Saturday 19 March 2011

Lincoln Cathedral




My first visit to Lincoln Cathedral was some years ago in the middle of winter. I was on a work training course. One afternoon I said to the class that I intended to go to hear Evensong that day. To my surprise all eight of us ended up packing into taxis right after the end of the training session and thereby doubling the congregation for the service.

This was at a stormy time in the church affairs of the Cathedral. Various of its clergy had entered into bitter internecine warfare with one another. They indulged in religious politics with a small 'p' and it was reported in the national newspapers with lipsmacking relish. The reputation of the CofE was once again being damaged.
We padded into the darkened church and sat in one part of the choir stalls while the choir sang across the aisle to one another. This is a service of which nothing obvious is required of the visitor. You passively allow the ceremonial to pass before your eyes and to enter your ears.

The Presentor, dressed in his black robe and holding a staff, walked slowly backwards before the Cannon as he approached the lectern to give the reading of the day. They acknowledged one another with a bow of the head and the bedecked Cannon climbed two steps to the brass eagle lectern, its wings spread out to support the huge Bible. That eagle is the symbol of the Evangelist St John. The day's reading was a long, long way from John's message of hope.

In severe contrast we listened to a reading from Leviticus, to the story of Moses slaughtering rams, making burnt offering and gathering up the blood to use it as follows: The First ram had its Blood poured out around about and Upon the Altar. The 2nd Ram had the Blood applied to Aaron’s right ear, thumb, toe. Then blood was applied to Aaron' sons as well. A messy business and brutal.

The Cannon rolled on in his pinched Received Pronunciation and rather prissy delivery, I did wonder how, step by step, we have evolved from that atavistic rather brutal faith where priests would be up to their elbows in warm blood, to the now vitiated, staid ceremonial of embroidered vestments and incense that we were observing.

Mind you, there was plenty of emotional bloodletting going on behind the scenes where reputations were being slaughtered instead of animals. Possibly not much more civilised after all.
But here, in this vast, famous, ancient church they could only summon up about 15 or so celebrants, half of whom were basically tourists. No doubt there would be queueing if the blood was to flow publically. For me, the service was aesthetically attractive, but spiritually suffocated and dead. 











On another visit to the Cathedral, many years later, Jane and I took the tour of the roof spaces.
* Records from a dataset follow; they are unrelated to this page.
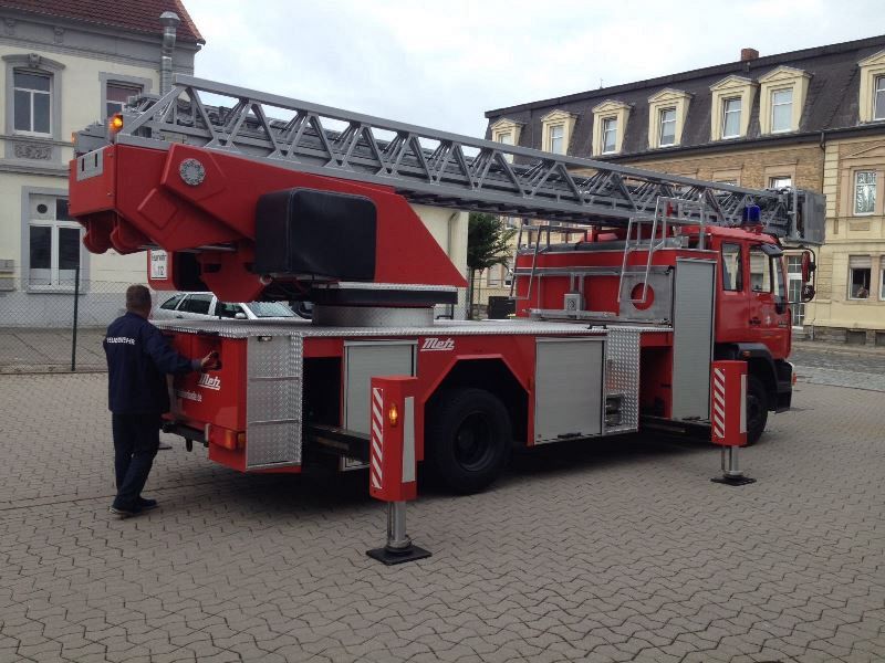 Im Anschluss ging es in die Fahrzeughalle, wo neben den Fahrzeugen, auch die Einsatzbekleidung der Feuerwehrleute besichtigt werden konnte. Da auch noch weitere Schulklassen zu Besuch der Feuerwehr anwesend waren, hatte Gerätewart Falk Zönnchen einige Fahrzeuge auf dem Hof gefahren. Darunter auch die Drehleiter, wobei einige Kinder staunten wie hoch diese ausgefahren werden kann. Regelmäßig im Jahr hat Gerätewart Falk Zönnchen diverse Schulklassen zu Gast, die sich über der Arbeit der Feuerwehr informieren wollen. Auch Jugendfeuerwehrwart Thomas Ehrhardt freut sich über das regelmäßige Interesse der Schulen an der Feuerwehr. Für die tolle Führung bekam Thomas Ehrhardt eine kleine Aufmerksamkeit von der Klasse 3a der Diesterweg - Grundschule überreicht, wofür er sich recht herzlich bedankt.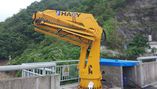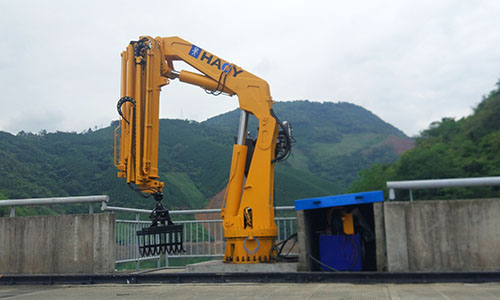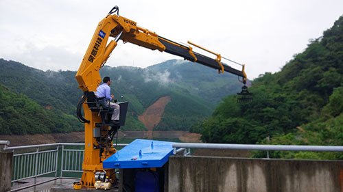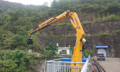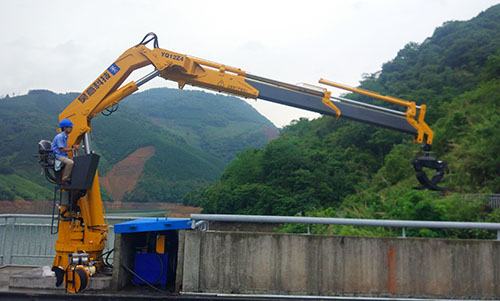 广西客户订购的12吨折臂液压吊配抓具,主要用于山区河道内垃圾、废弃木头等清理。近日,我厂派人去安装调试液压抓具吊,并培训客户如何操纵,亲自体验操作等。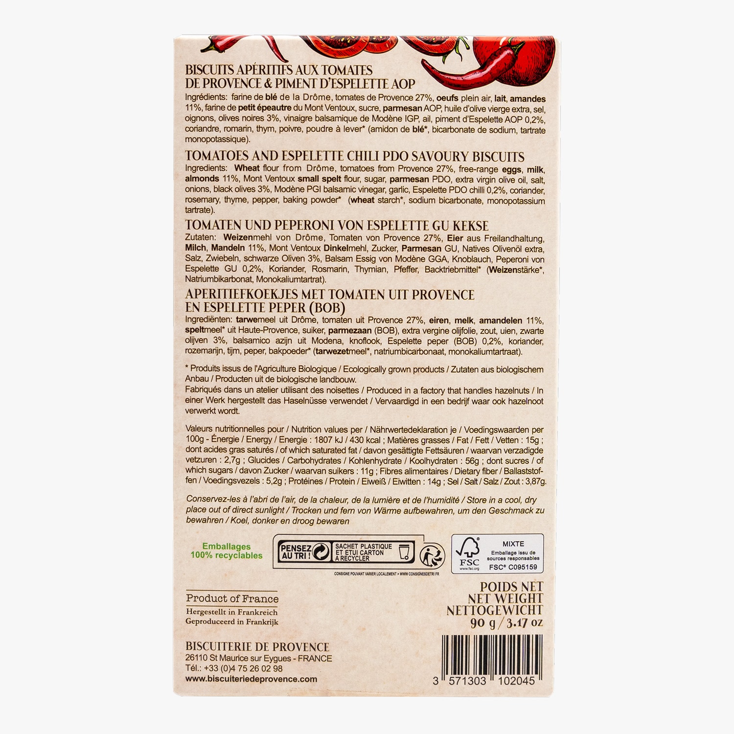 Biscuits apéritifs aux tomates de Provence, piment d'Espelette AOP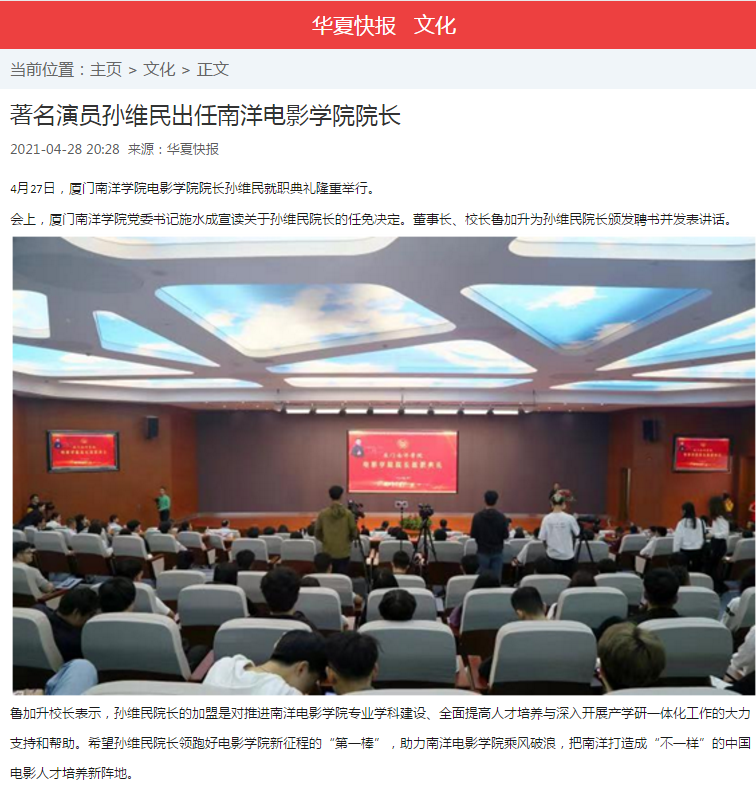 华夏快报:著名演员孙维民出任南洋电影学院院长

It was terrific to spy the church from such different vantage points, both its main interior space and the outside, where we were high up with close views of the towers and could see miles over the plane below the Cathedral hill. The most impressive aspects though were to walk through the interior roof spaces where traces of the construction methods were evident. It felt like walking through a vast timber ship. Many of those original timbers from 900 years ago remained in good condition. It has as its website says, been shaken by earthquakes and struck by lightening; but it stands almost in spite of nature and the conflicts of men.